Semi-automated data extraction workbench for environmental health

2020 Abstracts

Howard B¹, Maharana A¹, Tandon A¹, Albert T¹, Phillips J¹, Taylor M², Thayer K², Shah R¹

¹Sciome LLC

²Environmental Protection Agency

Background:

Systematic review, already a cornerstone of evidence-based medicine, has begun to gain significant popularity in several related disciplines including environmental health and evidence-based toxicology. A critical, time-consuming process that occurs during systematic review is the extraction of relevant qualitative and quantitative raw data from the text of scientific documents.
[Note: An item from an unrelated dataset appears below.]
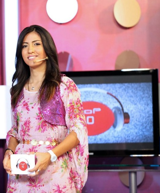 Sama Dizayee wearing the Kurdish outfit on her show Top 10 on Alsumaria Satellite Channel

The specific data extracted differs among disciplines, but within a given domain, certain data points are extracted repeatedly for each review that is conducted.

Methods:

We have recently developed a semi-automated data extraction workbench for use in this context. Our research has focused on three specific goals. First, we are using deep learning to build novel data extraction components for items of interest within the domain of environmental health. Second, we have created web-based software specifically designed for extraction in the context of systematic review. Finally, we have introduced new protocols to standardize the inputs and outputs for data extraction software components.

Results:

A beta version, currently under evaluation at EPA, includes more than 30 novel data extraction components relevant to environmental toxicology. Performance varies widely among data types with some tasks inherently more difficult than others. For certain simple data items, like sex of the experimental animal, we achieve F-scores in excess of 95%; for more difficult entities, we were still often able to achieve an F-score of 65% or more, given sufficient training data. Importantly, the design of our workbench makes it easy to include extraction components developed by other research groups. The workbench currently includes several such components, with new ones added regularly.

Conclusions:

Because accurate data extraction is a challenging problem, and given that current methods rarely achieve 100% accuracy, we are integrating our methods into a “human-in-the-loop” system that combines machine and human intelligence in a manner that is superior to using either in isolation. The system will: highlight extracted terms in a pdf; automatically populate forms with extracted data; allow humans to intervene and correct the results; and learn from the corrections to continually update the model. The resulting system will make systematic reviews both more efficient to produce and less expensive to maintain, greatly accelerating the process by which scientific consensus is obtained in a variety of health-related disciplines.

Patient or healthcare consumer involvement: The resulting system will make systematic reviews both more efficient to produce and less expensive to maintain, greatly accelerating the process by which scientific consensus is obtained in a variety of health-related disciplines.